Content starts

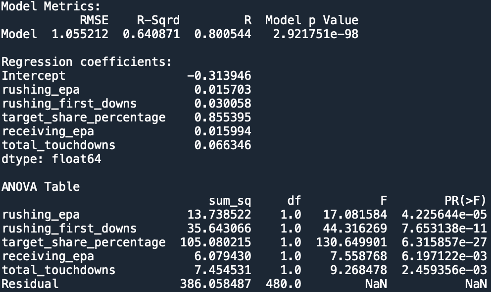 The model was significant and able to predict new contract CapAPY. The model metrics can be seen below. The R2 value of 0.64 illustrates that my model explained 64% of the variance and was overall statistically significant (p < 0.05). Regression coefficients (seen below) illustrate the slope of the line for each predictor variable when plotted against CapAPY (for example, a 1% increase in target share is associated with a 0.86% increase in CapAPY). While Rushing EPA and Total Touchdowns during the contract year were significant predictors, their regression coefficients paled in comparison to Target Share. Additionally, Receiving EPA was also a significant predictor and had an identical regression coefficient to Rushing EPA. These results demonstrate that RBs who have greater passing-game outputs are more valuable to teams than RBs who only contribute to the running-game. Interestingly, age was not found to be a significant predictor of CapAPY and when it was included, the evaluation metrics all decreased. It was hypothesized that age may have a quadratic relationship with CapAPY because NFL players’ rookie contracts (first contract in the league) are far below market value and their second contract is often their largest contract before subsequent contracts begin to decrease in value. However, after squaring age and adding that to the model, age was still not a significant predictor of CapAPY and decreased the efficacy of the model. Future work should look at how these trends change(d) over time.
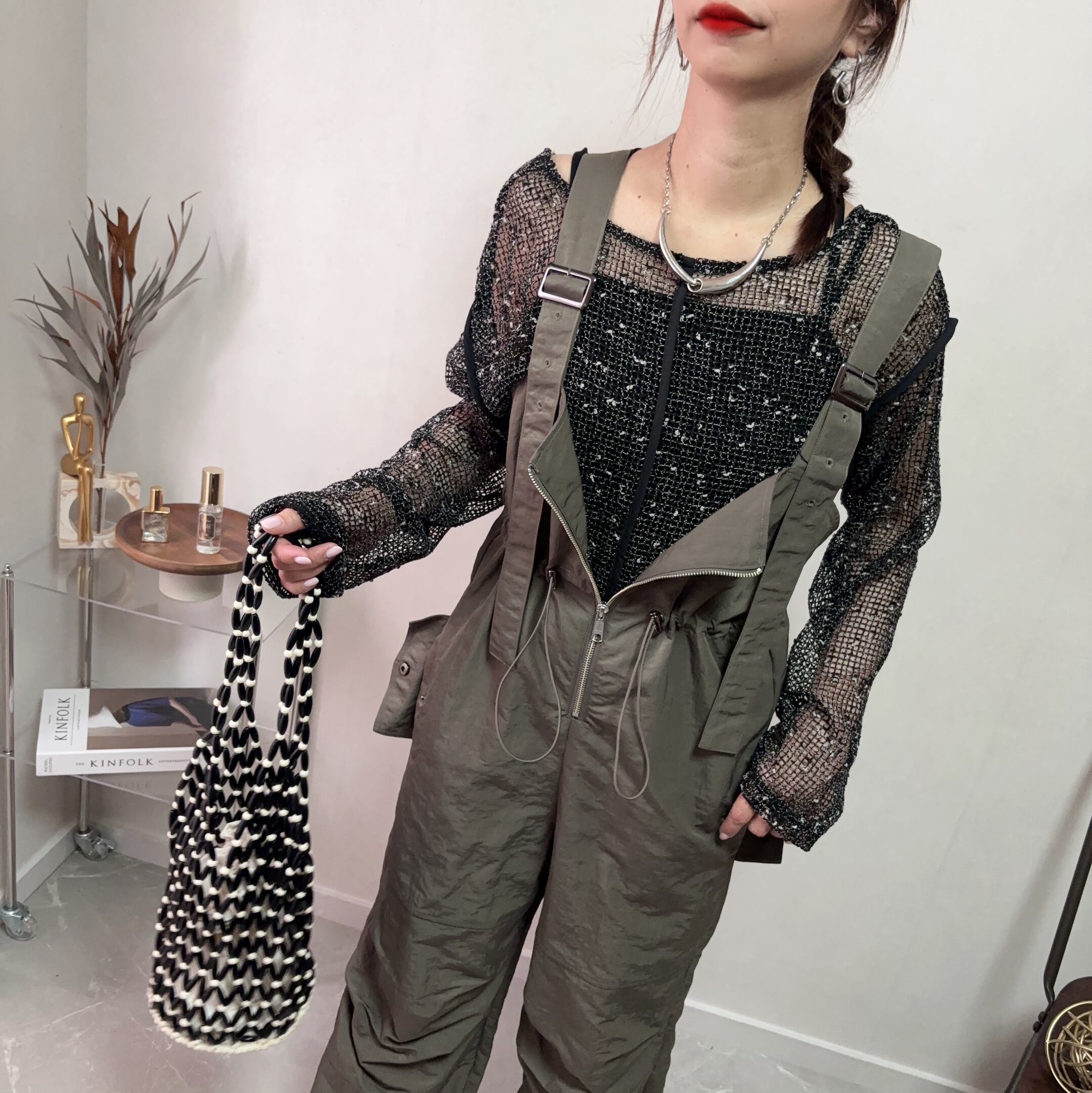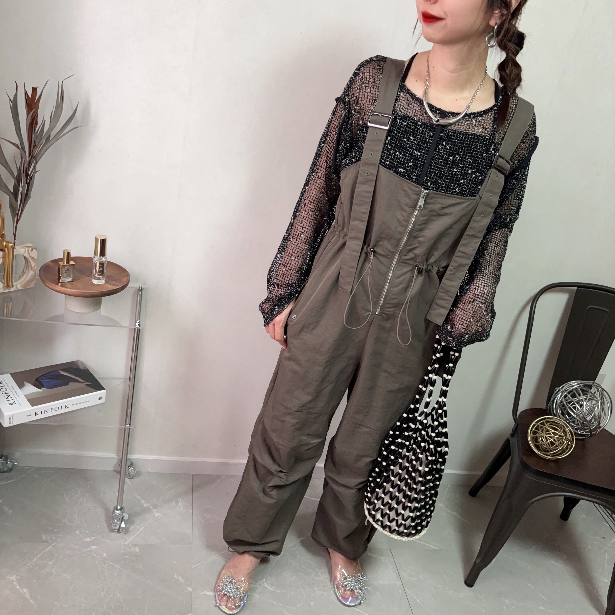 nylon front zip west gathe salopette【khaki】
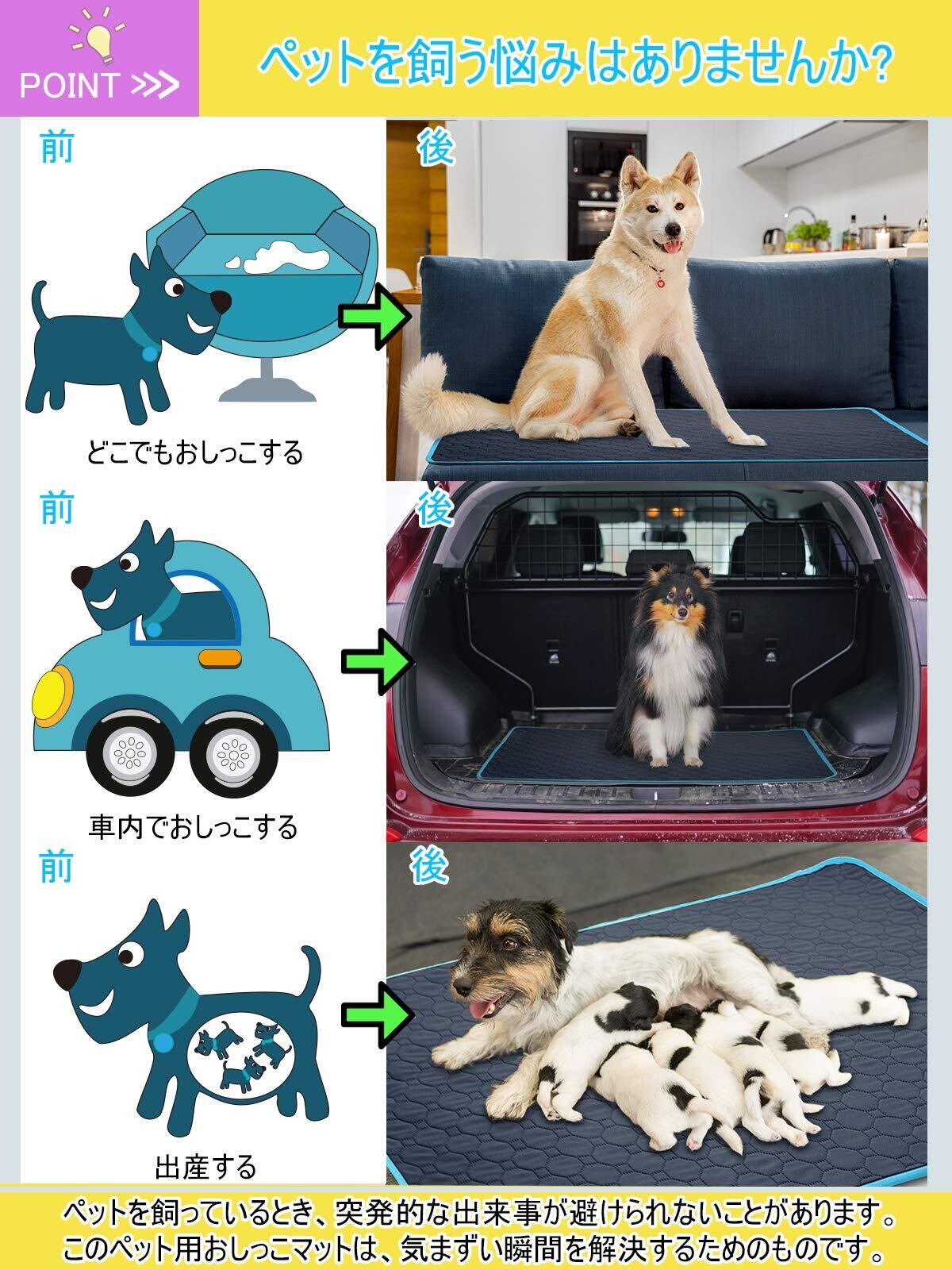 【幅広い適用性】このペット用おしっこマットは中型・大型犬、猫、うさぎ、モルモットなどの動物に適用しています。特に妊娠中や授乳中のペット、または失禁、糖尿病などの病気になる、介護必要があるペットに最適!床だけではなく、ソファ、ペットトイレ、ペットベッド、ケンネル、ペットキャリーバッグ、ペットサークルやペットケージにも使え、そして、お出かけや旅行する時に車内で敷けば安心にご利用いただけます。このペット用おしっこマットはペットトイレまたはペットベッドの下に使用することは一番お勧めします。

Content ends

▶ **How to complete this task**
Transcribe the listing in full. Omit the pictures and keep every line exact.

▶ **Answer to the exercise**
 The model was significant and able to predict new contract CapAPY. The model metrics can be seen below. The R2 value of 0.64 illustrates that my model explained 64% of the variance and was overall statistically significant (p < 0.05). Regression coefficients (seen below) illustrate the slope of the line for each predictor variable when plotted against CapAPY (for example, a 1% increase in target share is associated with a 0.86% increase in CapAPY). While Rushing EPA and Total Touchdowns during the contract year were significant predictors, their regression coefficients paled in comparison to Target Share. Additionally, Receiving EPA was also a significant predictor and had an identical regression coefficient to Rushing EPA. These results demonstrate that RBs who have greater passing-game outputs are more valuable to teams than RBs who only contribute to the running-game. Interestingly, age was not found to be a significant predictor of CapAPY and when it was included, the evaluation metrics all decreased. It was hypothesized that age may have a quadratic relationship with CapAPY because NFL players’ rookie contracts (first contract in the league) are far below market value and their second contract is often their largest contract before subsequent contracts begin to decrease in value. However, after squaring age and adding that to the model, age was still not a significant predictor of CapAPY and decreased the efficacy of the model. Future work should look at how these trends change(d) over time.
 nylon front zip west gathe salopette【khaki】
 【幅広い適用性】このペット用おしっこマットは中型・大型犬、猫、うさぎ、モルモットなどの動物に適用しています。特に妊娠中や授乳中のペット、または失禁、糖尿病などの病気になる、介護必要があるペットに最適!床だけではなく、ソファ、ペットトイレ、ペットベッド、ケンネル、ペットキャリーバッグ、ペットサークルやペットケージにも使え、そして、お出かけや旅行する時に車内で敷けば安心にご利用いただけます。このペット用おしっこマットはペットトイレまたはペットベッドの下に使用することは一番お勧めします。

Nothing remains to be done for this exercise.